■ **PROBLEM REQUIREMENTS**:
The entries that follow should be reproduced exactly, with no images carried over.

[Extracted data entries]
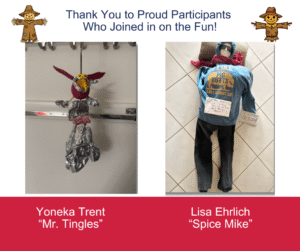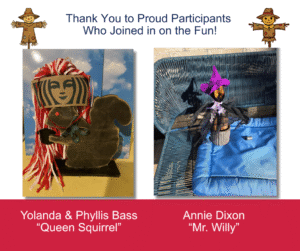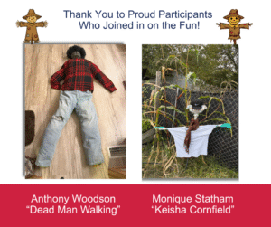 The Fall Gardening Series is nearing completion, having culminated in the much anticipated and heralded scarecrow contest. Participants first learned about the history of scarecrows used in agriculture and viewed the video, “Where do scarecrows come from?” on YouTube. They learned that the process began with children running through fields with noisemakers to scare birds away from crops. It later turned into human-like dolls, which we call scarecrows, and then evolved into machinery doing the job.
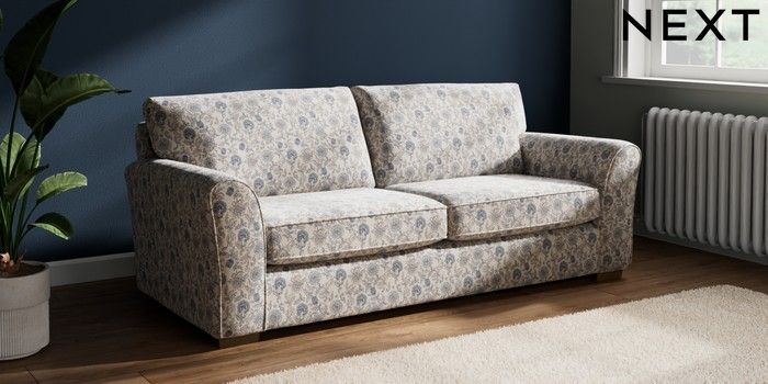 7.3.1 Buy Michigan II 3 Seater Small Sofa Relaxed Linen Look Print Woodblock Floral Blue Slim Block - Mid from the Next UK online shop
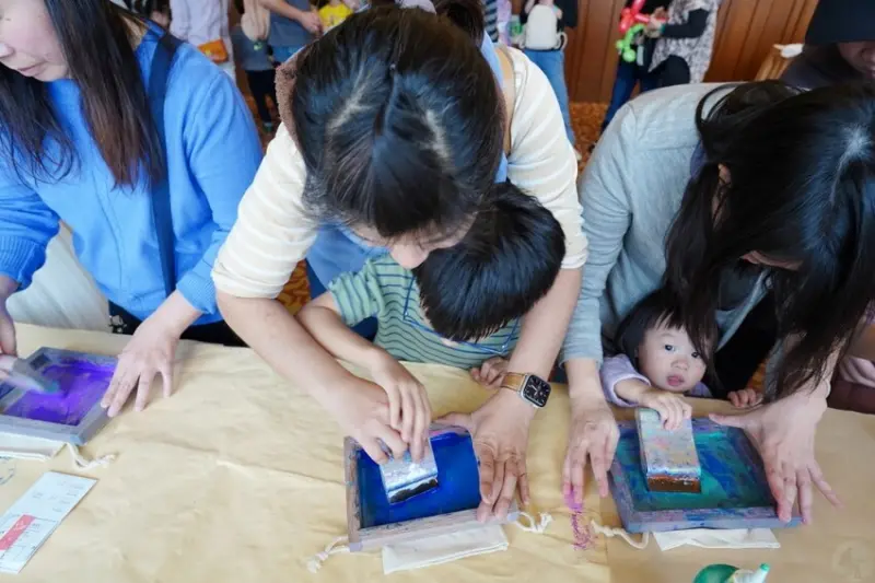 我們還參加了一個拓印DIY,本來以為看起來很簡單,結果一動手才發現其實沒那麼容易!過程還是挺有趣的,動手做的感覺讓人特別有成就感,小朋友也玩得超投入~雖然不簡單,但完成作品後真的超有滿足感!這是季節性活動,每年會做更換喔。
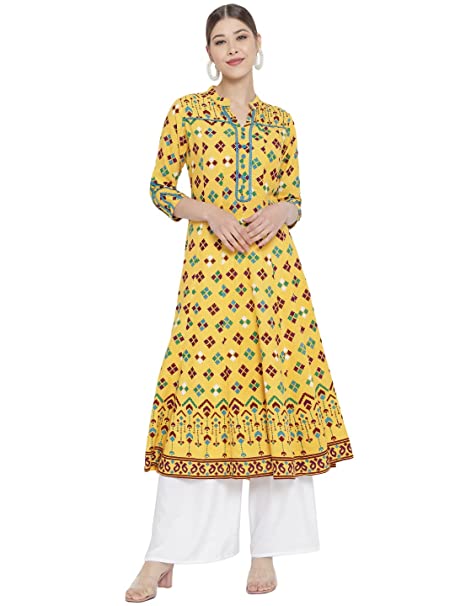 Women’s Rayon Patola Printed Anarkali Kurti (Yellow) size L
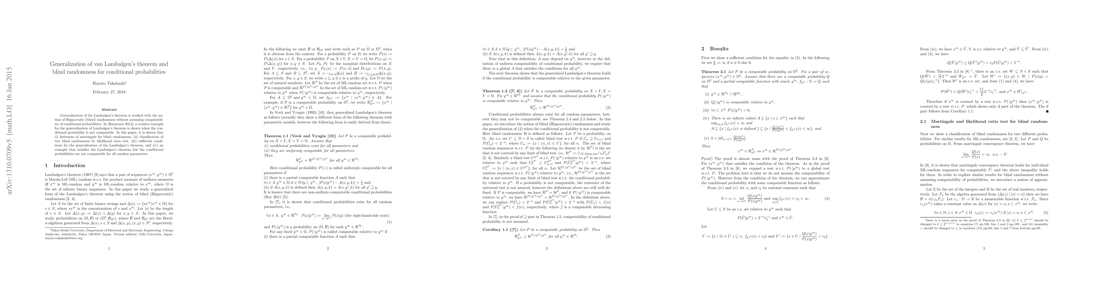 This paper generalizes van Lambalgen's theorem using Hippocratic (blind) randomness, demonstrating finiteness of martingale, classification via likelihood ratio test, and sufficient conditions for the theorem's generalization, while also providing an example where the theorem holds but conditional probabilities are not computable.
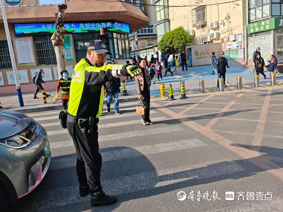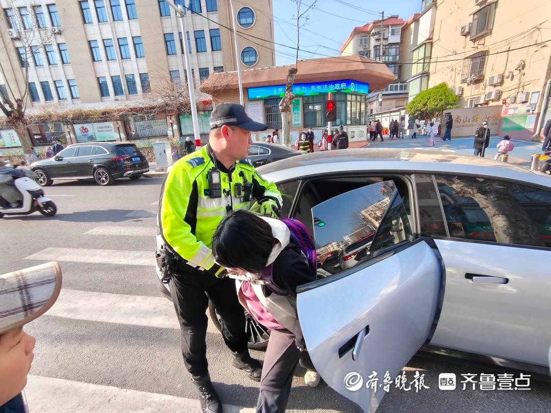 在烟台市芝罘区南山路小学门口,送学生的车刚停稳,就有一位辅警拉开车门、接下孩子,为他们背好书包再护送进校门,而家长的车在校门口即停即走。这样的“默契”源于习惯,更源于信任。
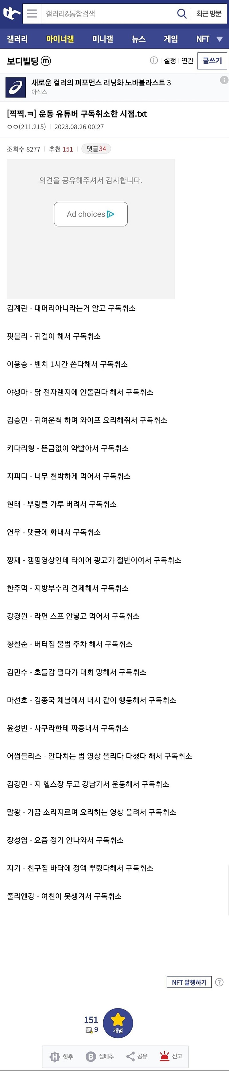 운동 유튜버 구독취소한 시점.

■ **RESULT OF THE EXERCISE**:
 The Fall Gardening Series is nearing completion, having culminated in the much anticipated and heralded scarecrow contest. Participants first learned about the history of scarecrows used in agriculture and viewed the video, “Where do scarecrows come from?” on YouTube. They learned that the process began with children running through fields with noisemakers to scare birds away from crops. It later turned into human-like dolls, which we call scarecrows, and then evolved into machinery doing the job.
 7.3.1 Buy Michigan II 3 Seater Small Sofa Relaxed Linen Look Print Woodblock Floral Blue Slim Block - Mid from the Next UK online shop
 我們還參加了一個拓印DIY,本來以為看起來很簡單,結果一動手才發現其實沒那麼容易!過程還是挺有趣的,動手做的感覺讓人特別有成就感,小朋友也玩得超投入~雖然不簡單,但完成作品後真的超有滿足感!這是季節性活動,每年會做更換喔。
 Women’s Rayon Patola Printed Anarkali Kurti (Yellow) size L
 This paper generalizes van Lambalgen's theorem using Hippocratic (blind) randomness, demonstrating finiteness of martingale, classification via likelihood ratio test, and sufficient conditions for the theorem's generalization, while also providing an example where the theorem holds but conditional probabilities are not computable.
 在烟台市芝罘区南山路小学门口,送学生的车刚停稳,就有一位辅警拉开车门、接下孩子,为他们背好书包再护送进校门,而家长的车在校门口即停即走。这样的“默契”源于习惯,更源于信任。
 운동 유튜버 구독취소한 시점.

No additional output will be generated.